SINGAPORE - Singapore stocks got a strong tailwind boost from higher oil prices and a rally on Wall Street after the United States central bank raised benchmark interest rates as expected by a quarter point - the second hike in three months - but was less hawkish than expected on the pace of future rate hikes.
The Straits Times Index rallied at the opening bell, lifted by the three banks and property blue chips including City Developments, UOL and CapitaLand. As at 9.10 am, the STI was up 0.55 per cent or 17.39 points at 3,154.82.
DBS was up 0.4 per cent or 8 cents to S$19.21, OCBC rose 0.3 per cent or three cents to S$9.68 and UOB was up 0.6 per cent or 12 cents at S$21.63.
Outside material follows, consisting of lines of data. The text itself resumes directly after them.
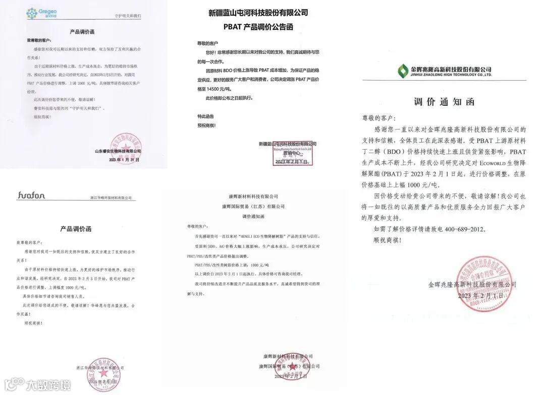 ▶▶浙江华峰:自2023年2月3日开始,我司对PBAT产品价格进行调整,上调幅度1000元/吨。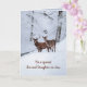 This beautiful Christmas card features a deer couple in the woods on a snowy day. On the front is a message (which can be changed to "to our daughter and son-in-law", "from both of us", "to a special couple", etc. Inside is a personalised message. You can change both messages as well as the font style, size and colour. The background colour can be changed, too. This card can be used for Christmas as well as for anniversaries, "thank you from both of us", "thanks to both of you" etc. Photo credit: Leon Seierlein, 2019.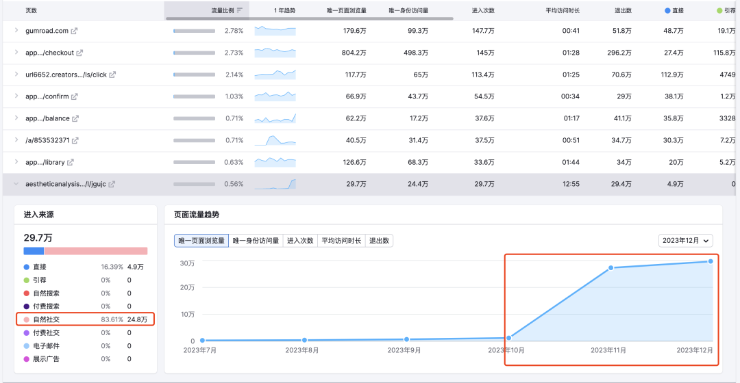 哥飞拿几个页面给大家做个示范,这里边有一些是 Gumroad 的网站功能页面,我们忽略掉,往下看,看到第9个,展开之后可以看到,主要流量来自于社交平台,从10月份才开始有流量的,11月就到了二十多万访问量。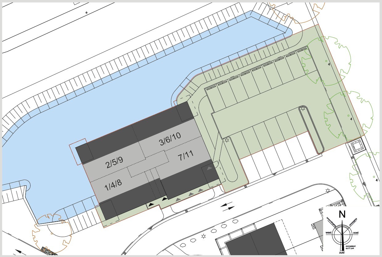 Een opvallend onderdeel in het plan is het appartementengebouw. Het is een bescheiden landmark, maar wel van afstand herkenbaar en passend bij de omgeving. 'Met zijn dubbele kap en klassieke pakhuissfeer voegt dit gebouw karakter toe aan de plek aan het water. Het ontwerp is een knipoog naar de pakhuizen van weleer, zoals die aan het Moleneind en langs de oude Drachtster Trekvaart stonden.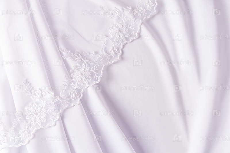 Часть красивой белой кружевной тюлевой ткани или часть свадебного платья невесты на белом атласном фоне. место для текста. Дизайн-макет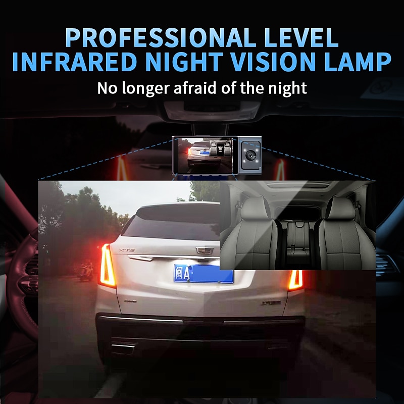 3 Channel Dash Cam Front And Rear Inside 1080P Dash IR Night Vision Loop Recording Car DVR Camera With 3 Inch IPS Screen 3 Cameras Car Dashcam 11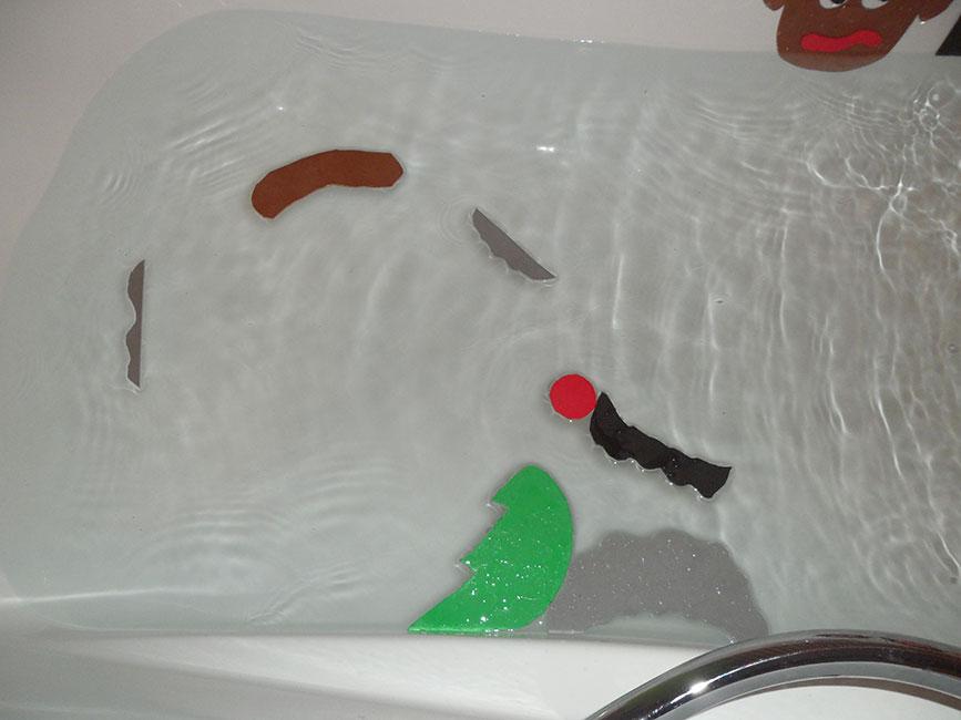 Lo primero que probé era si la goma eva que tenía en casa, comprada en un bazar, servía para pegarse bien en la bañera. No solo las piezas base, sino el poder pegar unas piezas de goma eva sobre otras y que se quedaran fijas. La verdad es que funcionan muy bien. Simplemente mojándolas y colocándolas tanto en la bañera como en la pared con azulejos, las figuras se quedan y no se caen. Así que ya lo tenía claro, podía usarla sin problemas.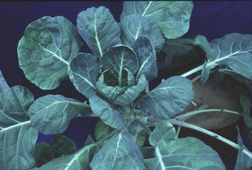 Interveinal fields of  medium leaves brighten whereas most veins remain green.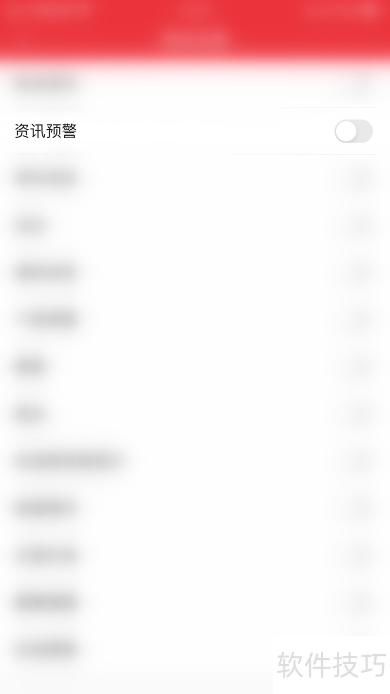 3、 消息通知设置界面点击”资讯预警“后面的圆点

The Dow Jones Industrial Average was up 0.54 per cent after the Federal Reserve, in its quarterly economic projections, suggested another two rate hikes by year end, unchanged from the previous forecast, to keep a lid on inflation as it rises above its 2 per cent target level.
Some analysts had thought the Fed might boost the number to three more this year. The less hawkish tone also sent the US dollar sliding against the Singdollar. As at 9.40 am, one US dollar fetched 1.4038 Singdollars, a change of 0.0086 since Wednesday.
"It was a case of sell the USD on the news. A weak dollar could also mean that hot money could flow to Asia today, and some of it may find its way to Singapore, where many stocks are undervalued," remisier Alvin Yong said.
"Property counters are up despite the prospect of rising interest rates because of the view that prices are bottoming," he added.
CDL rallied nearly 2 per cent or 20 cents to S$10.43; UOL gained 1.3 per cent or nine cents to S$6.2, while CapitaLand edged up 1.1 per cent or four cents to S$3.69.